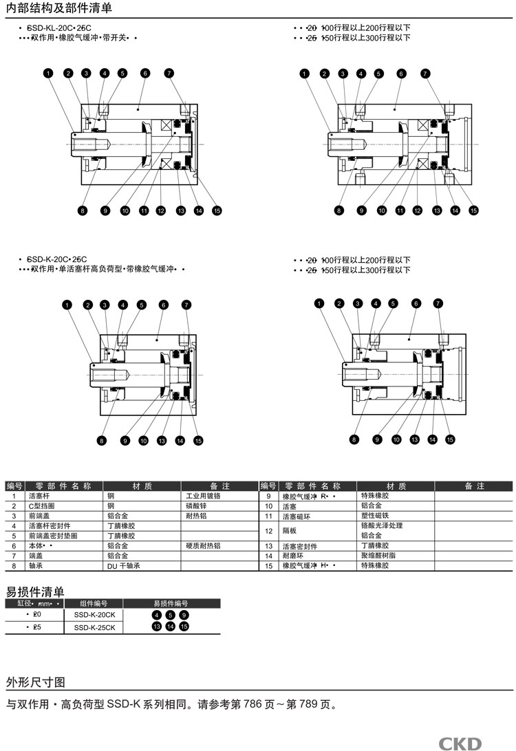 SSD-K-20,SSD-K-25,SSD-K-32,SSD-K-40,SSD-K-50,SSD-K-63,SSD-K-80,SSD-K-100,CKD超緊湊型氣缸
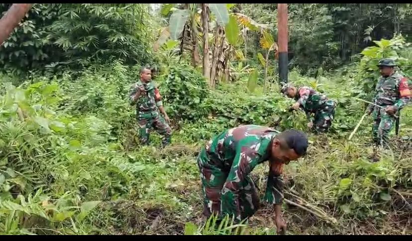 Personil Kodim 1502/Masohi Melaksanakan Pembersihan Lahan yang nantinya akan di laksanakan pembangunan pos pengamanan paska bentrokan Negeri Sawak dan Masihulan Kec. Seram Utara Kab. Maluku Tengah. Minggu (06/04/2025).
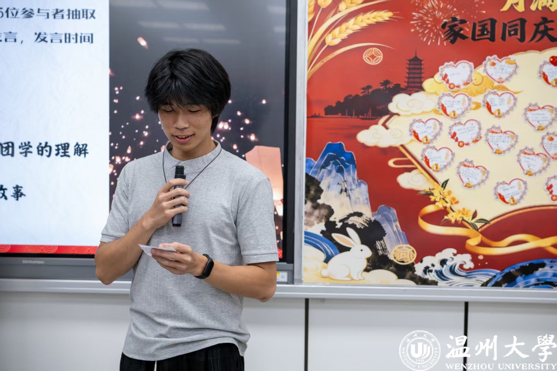 压轴登场的是“家国盲盒”环节。主持人随机报出号码,15 位幸运成员依次抽取话题盲盒,围绕 “九三阅兵观后感”“对团学工作的建议”“中秋主题故事分享” 等话题展开 1 分钟即兴发言。“九三阅兵时,看到威武的军队、先进的装备,我真切感受到祖国的强大,也更加坚定了努力学习、报效祖国的决心”“希望团学未来能多开展跨部门合作活动,让大家有更多交流机会”…… 真挚的话语、独到的见解赢得阵阵掌声,每位发言者还从奖品盲盒中抽取了月饼礼盒等惊喜礼品。
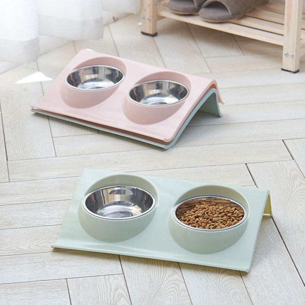 Двойная миска из нержавеющей стали для собак, кошек, щенков, корма, блюдо для воды, товары для домашних животных
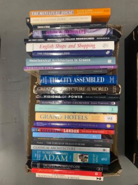 Twenty six books all relating to architecture : Elaine Denby, Tom Quinn, Ricky Leaver, David King, Steven Brindle, Stewart Brand, Faith Eaton, Richard Gray, Sir Terry Farrell, etc.
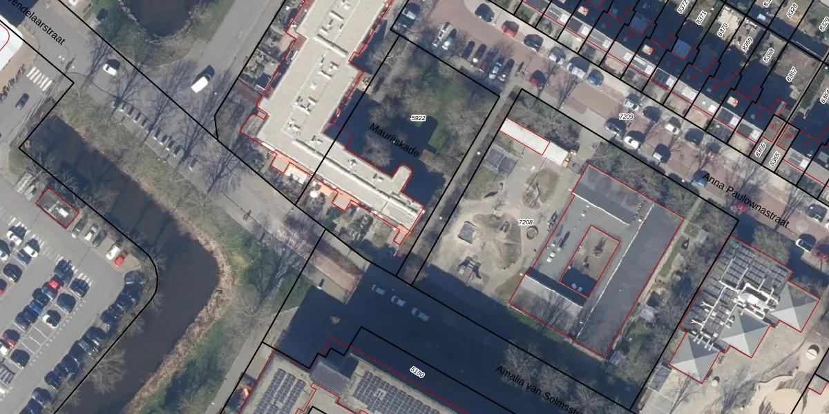 Het perceel waarop Mauritskade 56 staat heeft een oppervlakte van 1435 m². Dit is een zeer groot perceel. De perceeloppervlakte wordt geregistreerd door het Kadaster. Gedetailleerde informatie over de maten van dit perceel kunt u vinden in het rapport Kadastrale kaart met maatvoering van Mauritskade 56.
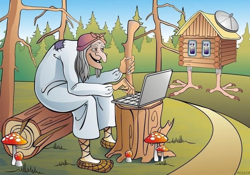 Баба Яга с ноутбуком
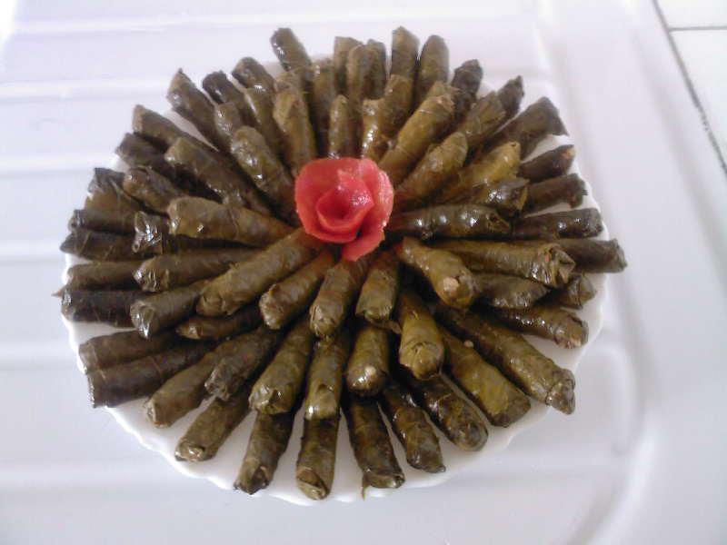 Druivenblad  gevuld met rijst, uien, peterselie en knoflook
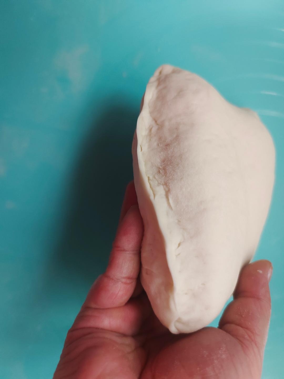 把面粉300克,酵母3克,白糖我放了一勺,不喜欢可以不放,为了促进发酵,温水180克和成一个偏软的面团
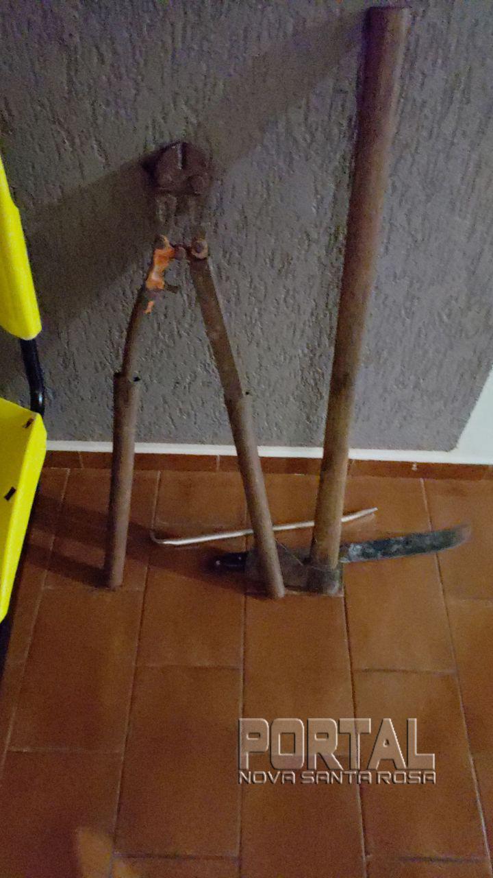 Em dialogo com os abordados a equipe verificou que todos os abordados, residiam na cidade de Cascavel, e todos possuíam passagens policiais por (roubo/furto/trafico/porte, entre outras) assim a equipe realizou busca no interior dos veículos, onde foram encontrados ferramentas para arrombamento/furto, alicate de corte de vergalhão, facão, pé de cabra, machado e 01 guarda sol de grande porte, costumeiramente utilizado para se esconder das câmeras de vigilâncias).
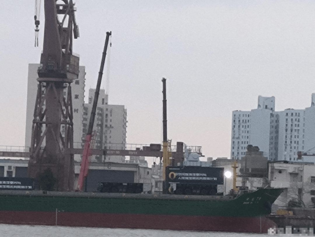 无数蹲守拍摄那艘民用版“导弹驱逐舰”的外国记者们,震惊的发现一个形状奇怪的卡车开上了集装箱船。
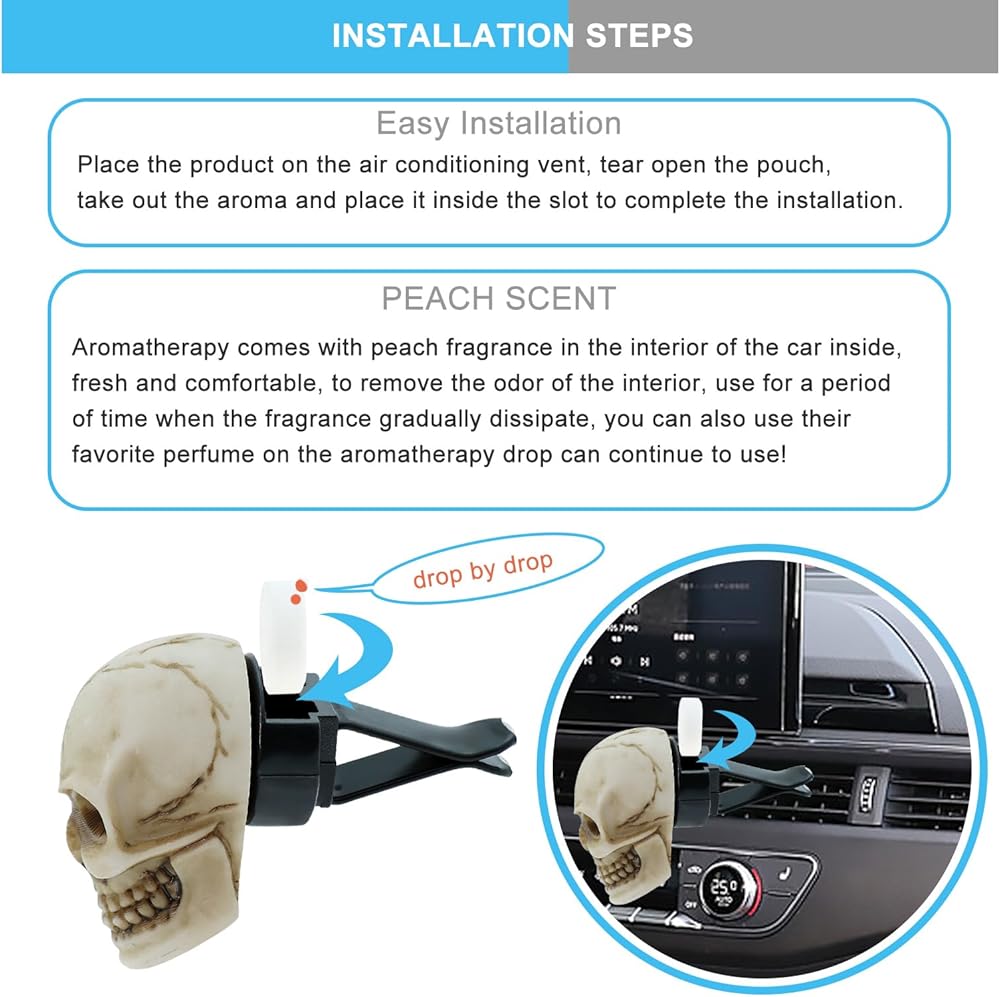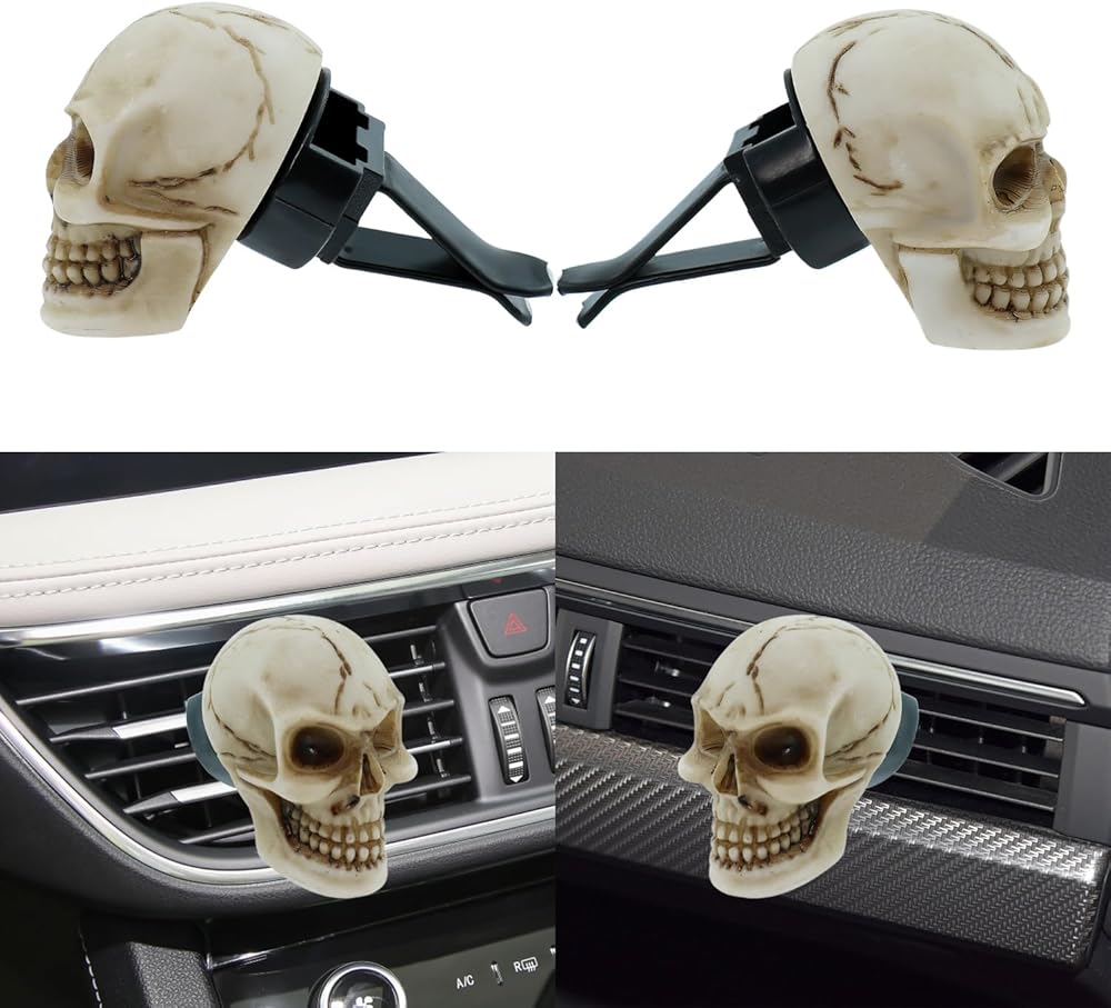 The Car Vent Air Freshener Skull Decorative Accessory is a great way to make your car's interior air vents more aesthetically pleasing, adding a personalized touch of fun and cheerfulness to your car,Universal fit car and truck air vents.
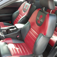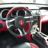 Po čase jsem začal experimentovat také s interiérem. Já byl vždycky ujetý na červené interiéry a chtěl jsem ho i tady, takže černou kůži jsem napřed vyměnil za celočervenou, ale nějak to nebylo ono, takže časem jsem sedačky opět celé předělal. Nakonec dostaly kompletně nové čalounění včetně nových pěnových výplní s lepším bočním vedením od firmy Roush Performance z Michiganu. K tomu jsem si sám navrhl nová loga Cobry a Eleanor podle vzoru starých Shelby Mustangů ze 60. let a nechal tyhle vzory vyšít do opěradel. Obecně mám rád kůži v celém autě, takže bez povšimnutí brzy nezůstal ani zbytek interiéru. Prachovka řadící páky dostala novou kůži s obšitím červenou nití, do dveří přibyl decentní červený proužek, lemující perforování a nakonec jsem se rozhodnul kompletně zabalit do kůže celou přístrojovku. Horní díl dostal černou kůži s obšitím červenou kontrastní nití a spodní díl byl zabalený do červené kůže, aby tak i palubovka ladila se sedadly. Poměrně levné plasty na středové konzole jsem nechal potáhnout karbonem a na zem pak přibyly koberečky s vyšitými Cobrami a dveřní prahy dostaly nové lišty s nápisem Eleanor. Poslední, co se mi v tomhle interiéru nelíbilo, byl původní volant, takže jsem si v USA koupil od firmy Grant Products nový, který se mi líbil tvarově, jenže barevně ani rozmístěním barev po obvodu neodpovídal mým představám. Tak jsem si navrhl vlastní řešení a pak poslal celý volant i s tímhle návrhem do polské firmy Carlex Design, aby moje nápady realizovali. Doporučuji se podívat na stránky téhle čalounické firmy. Jejich výtvory jsou naprosto úchvatné. Na nový volant jsem si rovnou navrhl nové logo a nechal vyrobit. :-) Volant byl původně určený pro modelové ročníky 2010-2014, takže měl sice identický otvor na airbag, ale odlišné ovladače rádia a tempomatu a jiná hliníková ramena, takže bylo potřeba všechny tyhle věci z novějších ročníků nakoupit a předělat elektroinstalaci k novým ovladačům. Ale nakonec se podařilo. Ještě teď si pamatuji, jak si můj kamarád elektrikář ťukal na čelo, když jsem mu řekl, že budeme vyndavat airbag a pak celý volant a přepojovat dráty ve volantu, protože do nových ovladačů nesedí. :-) Jen ten volant mně stál 20 tisíc, ale co, za hovadský nápady se prostě platí. :-D Když usadil nový volant a airbag, tak mi řekl, ať si auto nastartuji sám, ať mně ten airbag rovnou propleskne. Naštěstí, dopadlo to dobře. :-D
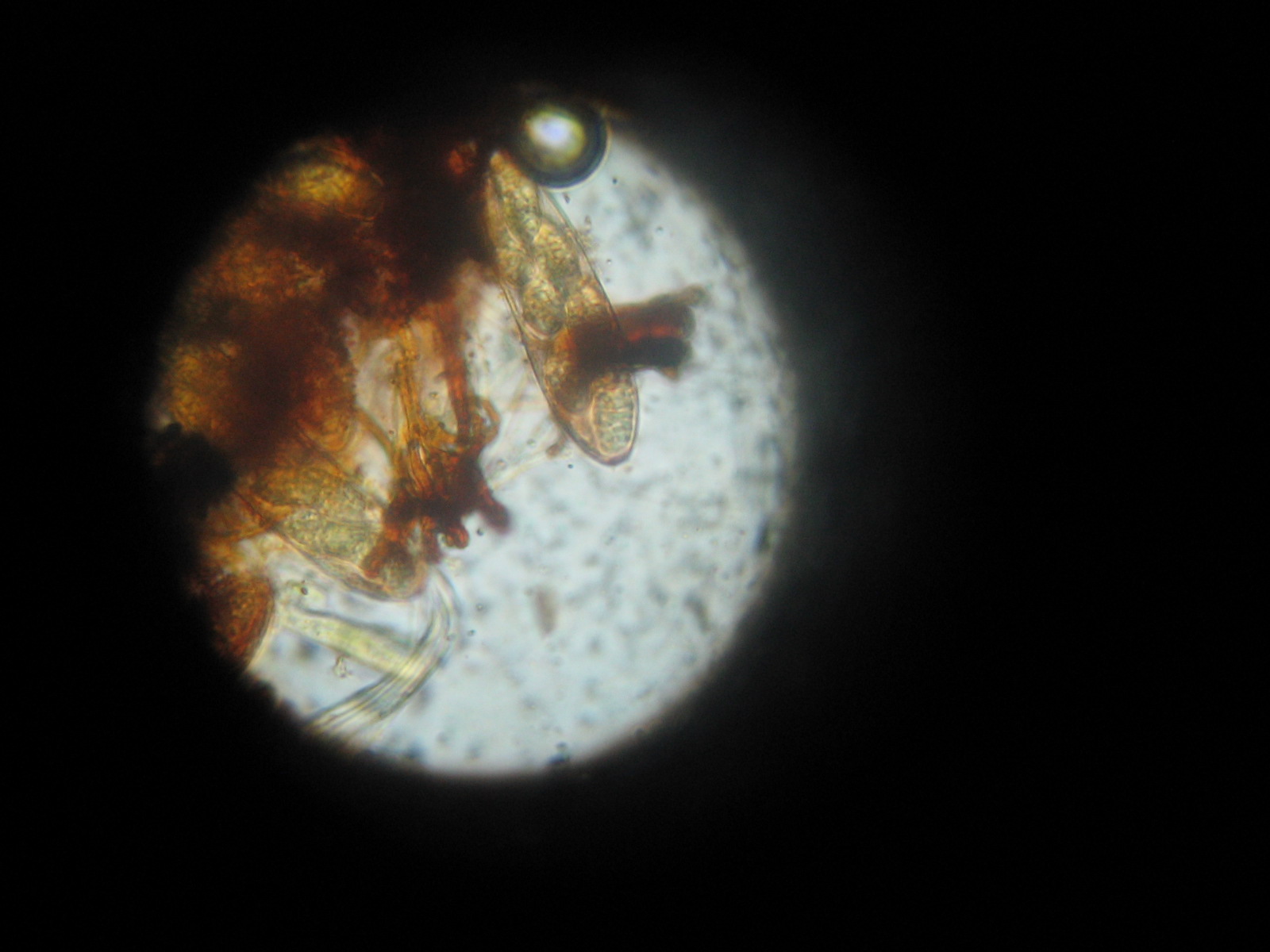 Die Fruchtköper sind unter 1 mm groß, gelblich weiß und leicht gestielt. Die Sporen sind etwas ungewöhnlich (finde ich jedenfalls) ornamentiert,unregelmäßig oval und leicht gebogen. Sie messen 25,50 x 9,16 / 25,02 x 9,04 / 24,6 x 8,91 / 24,6 x 10,08 µm. Die Asci sind 8-sporig und die Paraphysen leicht kopfig. Jodreaktion ist positiv, (Ascusspitze rötlich), aber nur am Rand des Präparates.

──────────

What is being asked
If a picture sits between the line containing "Het perceel waarop" and the line containing "把面粉300克,酵母3克,白", leave it out, and return the lines of that range above exactly, both ends included.

Exercise response
 Het perceel waarop Mauritskade 56 staat heeft een oppervlakte van 1435 m². Dit is een zeer groot perceel. De perceeloppervlakte wordt geregistreerd door het Kadaster. Gedetailleerde informatie over de maten van dit perceel kunt u vinden in het rapport Kadastrale kaart met maatvoering van Mauritskade 56.
 Баба Яга с ноутбуком
 Druivenblad  gevuld met rijst, uien, peterselie en knoflook
 把面粉300克,酵母3克,白糖我放了一勺,不喜欢可以不放,为了促进发酵,温水180克和成一个偏软的面团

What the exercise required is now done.